We all got along very well, our 'famous South African sense of humor' of being able to laugh at ourselves as well as with others made the visit as friendly and comfortable as the Gupta's fingers in the Eskom cash register. We have been invited for a braai, if its anything as good as the freshly ground coffee they served up we are going to have a blast, and we are looking forward to visiting them soon, there may even be a second video clip to capture his progress.
As I was driving back home something popped into my head and I would love for you to contemplate this. How can blind people, who cannot see the messed up, littered world we live in, come to the realization that our way of living is stuffing up our environment and take action to make some changes, yet you and I who see the litter lie next to the road, in nature and in our National parks, us who see the crap in our rivers and oceans, how can we still think it is ok to live like we do?
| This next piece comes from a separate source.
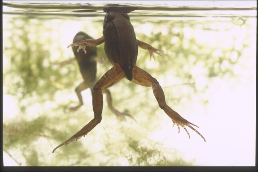 条纹沼泽蛙为夜行性、半水栖蛙类:

Next time you put your neatly knotted black bag of rubbish 'out on the pavement' know this, your waste will remain out there, maybe not in your yard, but you could be driving right past your own litter next to the roadside a week or two later, you could see it pulled from the Hennops or Moreleta waterways next time caring folk do a river clean-up, or you could have it wrap itself around your leg when taking a dip in our majestic oceans. You could be swearing and cursing at the type of people who live like this, do such things, and little would you realize it is your own waste blown about from the landfill, or washed into our rivers.
Wise up folks, its crunch-time, your job, car or house will not matter in 50 years, your kids education is of lesser concern, ensuring they have a living planet to walk one IS a huge concern, we cannot afford to miss the bus on this one!